Place the patient in a private room that has negative air pressure, at least six air changes/hour, and appropriate filtration of air before it is discharged from the room.

Use of respiratory protection when entering the room.

Limit movement and transport of the patient. Use a mask on the patient if they need to be moved.

Droplet Precautions

Standard Precaution plus:

Place the patient in a private room or with someone with the same infection. If not feasible, maintain at least 3 feet between patients.

Use of a mask when working within 3 feet of the patient.

Limit movement and transport of the patient. Use a mask on the patient if they need to be moved.

Contact Precautions

Standard Precautions plus:

Place the patient in a private room or with someone with the same infection if possible.

Use of gloves when entering the room. Change gloves after contact with infective material.

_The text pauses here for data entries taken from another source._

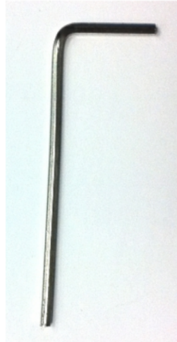
LENS ALLEN KEY QUANTITY: 1. DIAMETER: 1.5mm
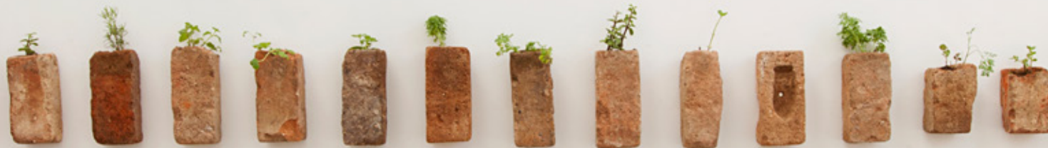
A horta da casa , 1996 spices and herbs planted on 13 bricks variable dimensions

In works such as Horta da Casa , from 1996, the artist planted herbs and spices into bricks. Following this process, Brígida Baltar began to investigate concepts of disappearance, or dematerialization by challenging the concept of owning a home as a fixed, stable, localized matter.
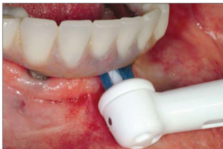
Brush twice daily to remove bacterial plaque with a low-abrasive dentifrice.
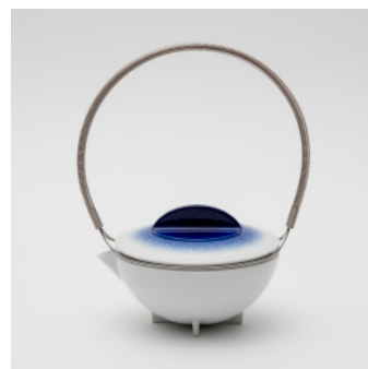
PN: WS/009 Name: Tea Pot Color: Spray Size: φ160 W180 H180 Price: ¥75,000
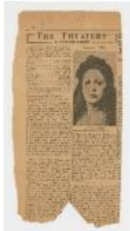
Newspaper Review of "The Flies" by Jean-Paul Sartre (NS030105_000408)
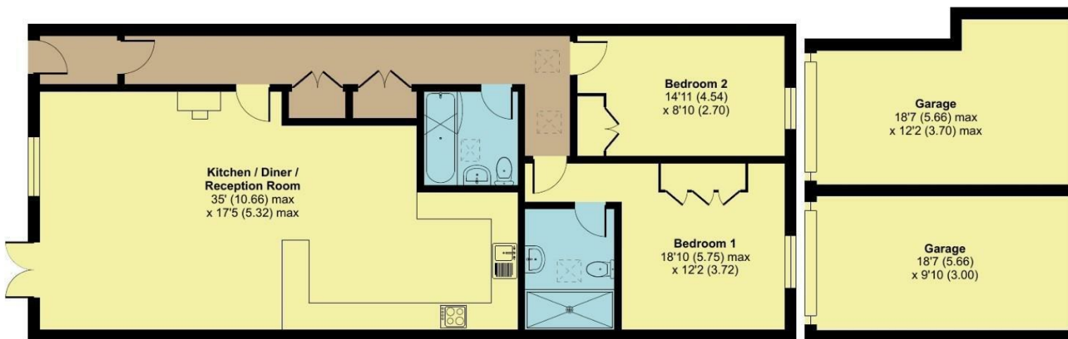
GROUND FLOOR APPROX FLOOR AREA 108.8 SQ M (1172 SQ FT)z
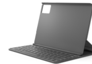
Lenovo Folio Keyboard for IdeaTab
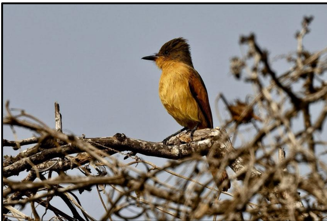
Rufous Flycatcher, yet another endemic.

We started walking along trails, and we found Chinchipe Spinetail , Amazilia Hummingbird , Fasciated Wren , Scarlet-backed Woodpecker , Streak-headed Woodcreeper , Pacific Parrotlet (wild population), White-edged Oriole , and the handsome Tumbes Tyrant (Tumbes Chat-Tyrant). We were also treated to views of Guayaquil Squirrel and the first of the endemics: Rufous Flycatcher .
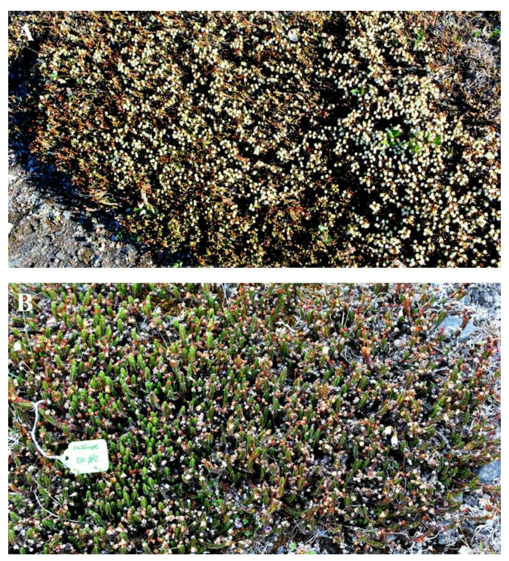
FIGURE 3. Cassiope tetragona (Arctic White Heather) in a northeast facing gully on McGill Mountain, Lake Hazen, Quttinirpaaq National Park, Ellesmere Island, Nunavut, Canada with over 300 flowers in 2013 (A) and with just three flowers in 2014 but over 100 flowers/fruits from 2013 still visible (B).
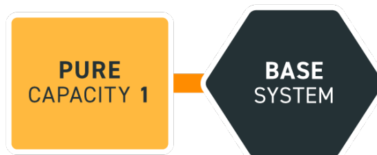
Figure 1. Diagram of system without renewable resources.

The capacity calculated is designated in Figure 1 as Pure Capacity 1.
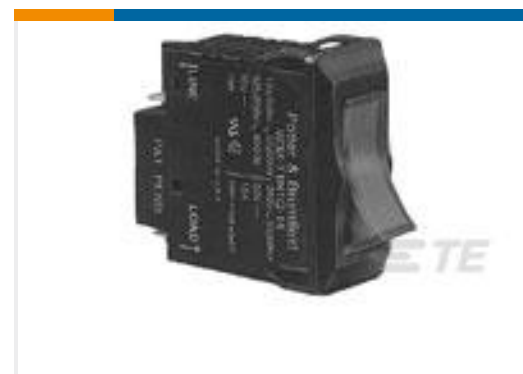
TE Part #1393248-7 W33-S1N1Q-15=W33
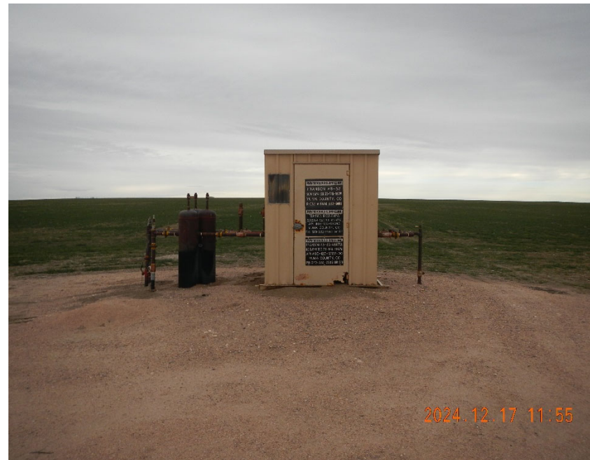
6. Remote shared gathering location overview.
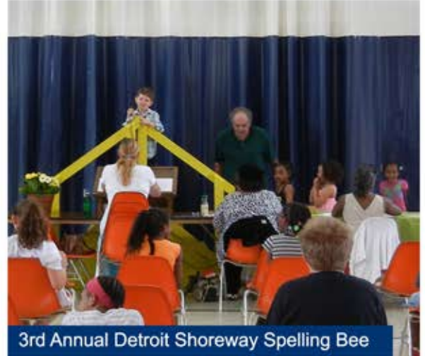
3rd Annual Detroit Shoreway Spelling Bee
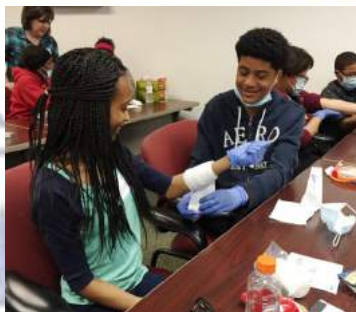
GEAR UP students practice bandaging each other

The Learning Resource Center at UHC provides medical library services to healthcare students, professionals, hospitals, and clinics in the 13 parishes of the Southwest Louisiana AHEC region.
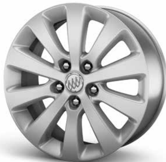
PNM 17" MULTI-SPOKE ALLOY WITH STERLING SILVER FINISH
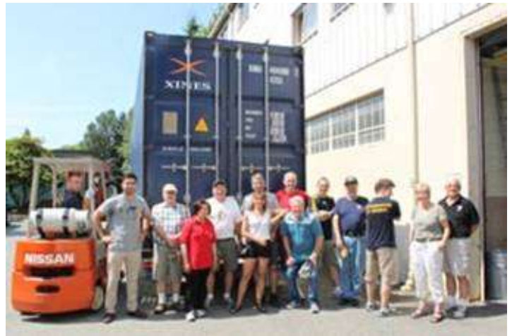
Thanks to all the Rotarians, Rotaractors, and friends of Rotary who came out to help, sort, move, load, stack, pack and document the 637 boxes and pieces of equipment bound for warmer climes! (Cebu, Philippines)
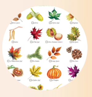
Do an autumn tresure hunt like the one on page 4.
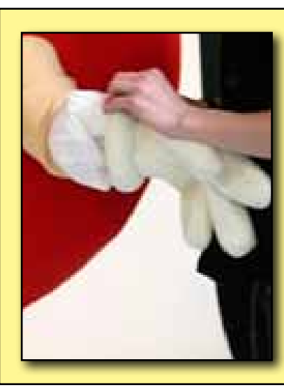
3 <sup>Put on the Mitts</sup> and snap them to the wrist of the Body.
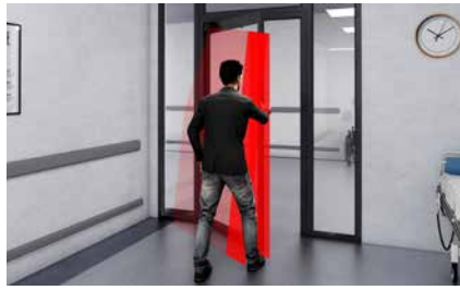
Extended safety area during closing
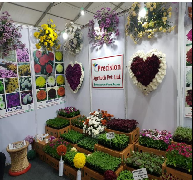
KISAN Exhibition Ornamental plant Stall
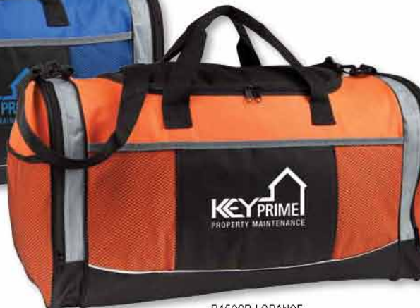
B459OR | ORANGE

Use of gown when entering the room if contact with patient is anticipated or if the patient has diarrhea, a colostomy or wound drainage not covered by a dressing.

Limit the movement or transport of the patient from the room.

Ensure that patient-care items, bedside equipment, and frequently touched surfaces receive daily cleaning.

Dedicate use of noncritical patient-care equipment to a single patient, or cohort of patients with the same pathogen. If not feasible, adequate disinfection between patients is necessary.